Mordred had taken a twisted sort of pleasure in the monstrosity of his own situation, because it seemed to confirm what he always wished to believe. He never understood his father, who had the whole world at his feet and yet chose peace over power. He adored Lancelot – or, rather, he admired his prowess on the battlefield – but in spite of this, Lancelot was Arthur’s subordinate, and Mordred found that to be so unjust as to be personally offensive. He never respected his father, and over the years that lack of respect had gradually turned into contempt. His banishment at last gave Mordred a perfectly legitimate reason to hate King Arthur. His exile gave him a kind of fierce pleasure, and for that, he felt he could endure nearly anything. Hatred proved to be a powerful opiate.
Now, after five years of plotting his revenge, at last Mordred saw the means: the Philosopher’s Stone.
As he rode, he was still distracted by the conversation he’d had in a pub in Cornwall. A cruel smile curled his angelic lips as he remembered it.
“Hey,” said the bartender as he polished a glass. He spoke to a toothless old farmer on his left, but loud enough that Mordred could hear. He nodded toward Mordred with his head. “D’you reckon that’s the kid that went to live with Morgan le Fay?”
Mordred looked up. He almost never ventured into town; usually Aunt Morgan sent Hutchins, their servant, to fetch supplies. Hutchins and Morgan had both been gone a fortnight, though, and finally Mordred became desperate for food. It made sense that his appearance in the town would cause something of a stir.
“Le Fay?”
Mordred asked suspiciously, as if the bartender had addressed him directly. He adored his aunt to the point of obsession, and the way the bartender said her name sounded less than admiring. “What does that mean?”
The bartender blinked. “Blimey,” he said. “You don’t get out much, do you? Le Fay, the fairie. You know, like the fairies in the Enchanted Forest.”
Mordred’s face visibly relaxed. “Oh.

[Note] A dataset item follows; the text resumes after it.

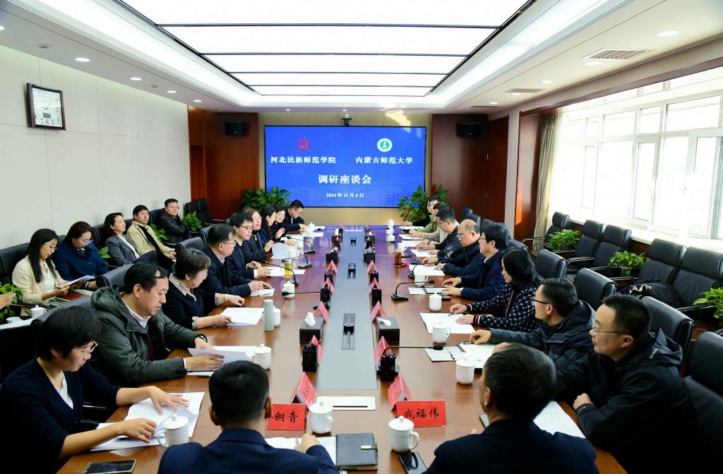 本网讯 11月6日,河北民族师范学院党委副书记、校长边宏广,党委常委、副校长李克军一行来世界杯官网调研学科建设、专业建设、教师教育综合改革、铸牢中华民族共同体意识教育等方面工作,与世界杯官网党委副书记、校长张军,副校长贾美林及相关部门、学院负责同志座谈交流。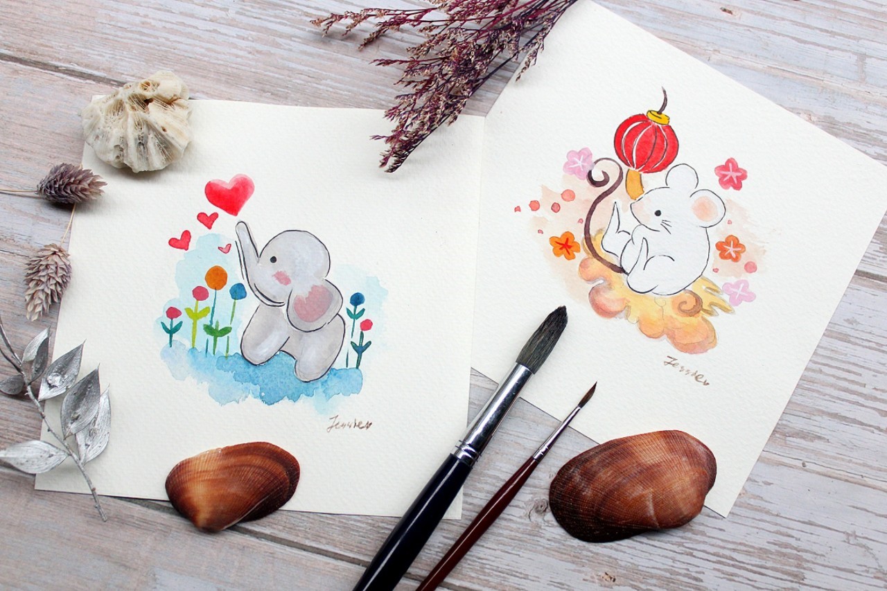 水彩畫令人著迷的一個原因,由於色彩透明,一層顏色覆蓋另一層可以產生特殊的效果,但如果調和顏色過多,反而會有過多的暈染喔,也因此水彩畫比較適合小幅作品,效果也會比大幅來的好喔!此課程老師會設計多款可愛動物,有今年是鼠年的老鼠,大象,長頸鹿,獨角獸...等,想要來發現可愛動物,快點來上課吧!

You mean because she’s a sorceress.”
Presently Mordred became aware of the fact that several other men at the bar had stopped talking, and he had the peculiar sensation they were trying to eavesdrop without appearing obvious.

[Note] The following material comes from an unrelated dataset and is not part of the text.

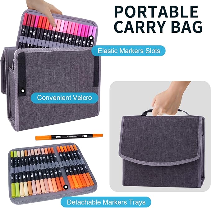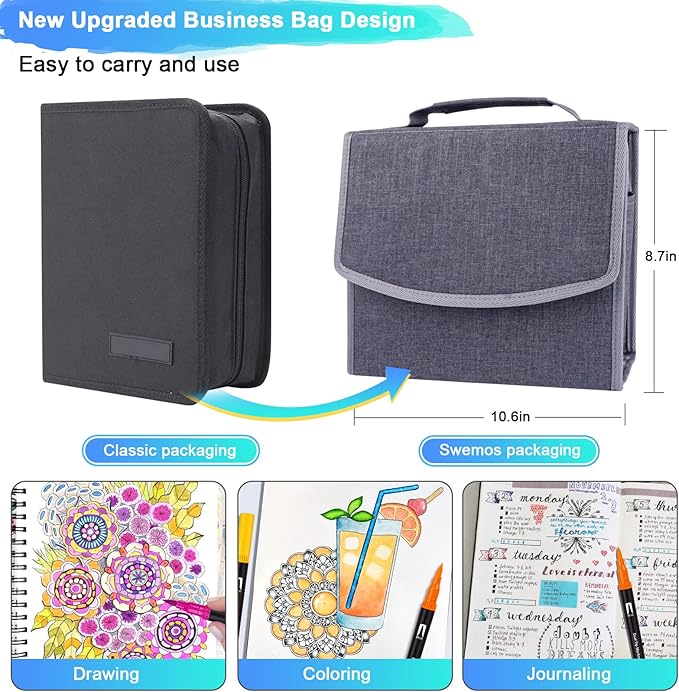 - ❤Swemos UNIQUE DETACHABLE BAG DESIGN❤: Easy to carry and use. Different from the normal black bag. These art markers are all in a beautiful zipper bag. Just disassemble markers from the bag, you will get a normal portable bag that can put in anything you want. With Handle, reusable, portable, and durable. Beautiful gift choice!

“So it’s true, then?” said the toothless farmer. “We always suspected she was into the dark arts!”
“Does she skin cats alive and use their pelts for her magic?” asked another.
“Is it true that she has a basement full of human skulls?” demanded the farmer.

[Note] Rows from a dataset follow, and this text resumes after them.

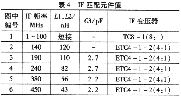 該匹配網絡對40MHz以上(包括40MHz)的IF最為合適。對于40 MHz以下的IF頻率,若串聯(lián)電感器(Ll、L2)的電感值取得過高,用這樣的電感和寄生效應將影響穩(wěn)定性,因此,8:1變壓器適合于低IF頻率。適用于 IF頻率的低通濾波的匹配元件值如表4所示。高Q值線繞片式電感器(Ll、L2)大大改善了混頻器的轉換增益,但對線性度還是有點影響。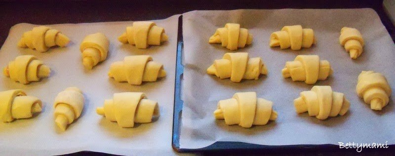 Majd egy sütőpapírral bélelt tepsire fektetjük a croissantokat és letakarva minimum 1 órát hagyjuk még pihenni, ill. amíg szemmel láthatóan is szépen megkelnek.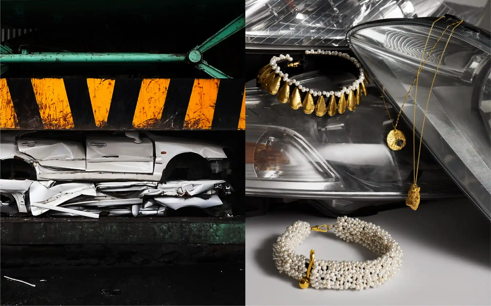 Например, компания Alighieri превратила остатки утилизированных автомобилей в стильные украшения – колье, серьги, браслеты и чокеры. Стилисты E.L.V. DENIM изготовили из обрывков кожи и остатков джинса, оставшегося после отделки салона авто, стильный комбинезон. Public School и pushBUTTON сделали жилеты из ткани от подушек безопасности, а дизайнер Ричард Куинн создал из этих же материалов модный корсет. Еще одна уникальная вещица получилась из ремней безопасности и ковровой ткани. Речь идет о большой сумке, над созданием которой трудилась Рози Ассулен.

Mordred’s expression must have taken on a look of horror, because the bartender held up his hands and said, “We mean no offense. But when a woman that lovely spends nearly a decade as a recluse, people gotta have an explanation –”
“Why don’t you tell us the truth, then, boy?” leered the toothless farmer. “Then we won’t have to make up stories!”
Mordred set down his glass, affronted. “I most certainly will not!” he said, “You’ll twist my words and make her out to be even more of a hag than you already think she is! How dare you!”
The bartender shrugged. “Suit yourself,” he said, “but remember, imagination is nearly always worse than reality. You could be doing her a favor, telling us how it really is.”
Mordred’s eyes flashed, and he looked around to see that he had now gathered a small crowd, eager to hear whether or not he would reveal the secrets of the castle of Avalon, so long a subject only of rumor and mystery.
“All right, then,” he said defiantly. “My aunt doesn’t have to resort to such mundane things as spells with the hideous ingredients you imagine. She can speak a secret language called the Ancient Tongue. She’s taught it to me, as well,” he added, puffing up his chest with pride.